As the air starts to cool and fall gets closer, I’m always reminded of a feeling I used to have as a kid – that “back to school” feeling, in the pit of my stomach.
It’s not that I didn’t like school. I did like it: I liked learning, being with my friends all day, playing sports, most of my teachers…my home life was tough growing up and I liked the sense of community that came with going to school.
But I didn’t like being graded. I studied hard, but I was never an A student – to say the least. I didn’t test well, and writing papers was usually a struggle. In the end, I got into Syracuse University from John Dewey High School, but that was by the skin of my teeth – my SATs and grades were subpar. I got into college mainly thanks to my extracurricular activities and by doing a great sales job with the admissions counselor who interviewed me. And it’s not like that changed my academic confidence much; passing my college classes was a battle as well.

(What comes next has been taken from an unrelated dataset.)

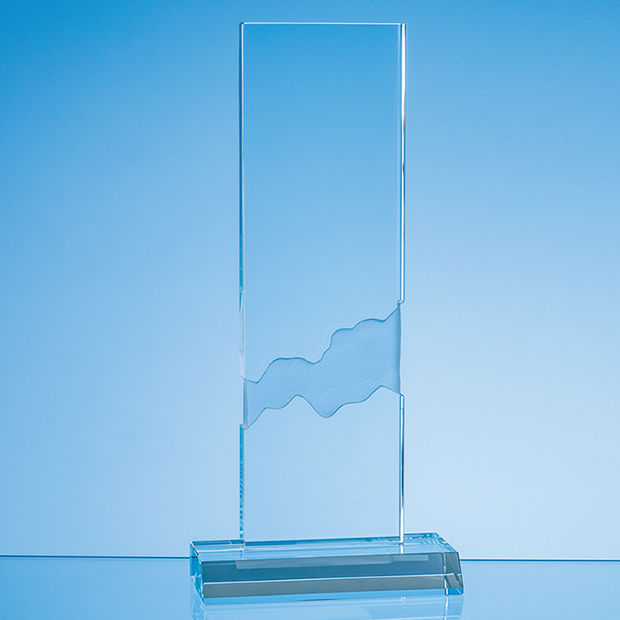 The 28cm Optical Crystal Deep Etched Mounted Rectangle Award commands attention with its stylish appearance featuring a frosted design on the reverse side of the upper part of the award. Meticulously hand crafted from the finest quality optical crystal the award captures the essence of success and embodies accomplishment. There is a generous engraving area that can be personalised with any crest, logo or wording to create an award that is sure to be treasured by the recipient.

Suffice it to say, every fall, I dreaded another year of being judged academically. And too often, the fact that I didn’t excel as much in my studies as some of my peers made me feel lesser.
When you’re a kid, your world is pretty small, and school is a big part of it. So it’s easy to fall into the trap of thinking school is who you are. That it defines you. You don’t realize that your life is going to become so much more than that. It’s going to be about family, and friends, and passions, and simple hobbies, and your career – which, surprisingly, isn’t too affected by how good your grades were(!) – and a billion other things.
But the thing is, we’re always little kids inside, and now and again, we all still slip into that mindset of feeling like our life is just about one thing. And too often, it’s that thing that maybe isn’t going too well.
Something bad happens at work and we let it get us down in a way that’s out of proportion with the rest of our lives. We forget we have loving friends and families, and passions that also give our life real purpose. We forget how much fun we get out of simple pleasures, like watching a ballgame, or eating our favorite food, or laughing at a silly movie. By the same token, we get into a spat with a kid or a parent, or another loved one, and we let that define the relationship, forgetting about all the rest of it. The reasons we love that person in the first place.
We start feeling like the kid who thinks he’s defined by his grades – and doesn’t realize there’s a whole other life of experiences and people out there, just waiting for him.
How about you? Do maintain a sense of proportion? Or do you slip into letting isolated parts of your life define how you feel about yourself, like the student dreading going back to school?
That’s why they say that if you have your health, you have everything. Because aside from your health, there’s never one thing that can bring the rest of you down.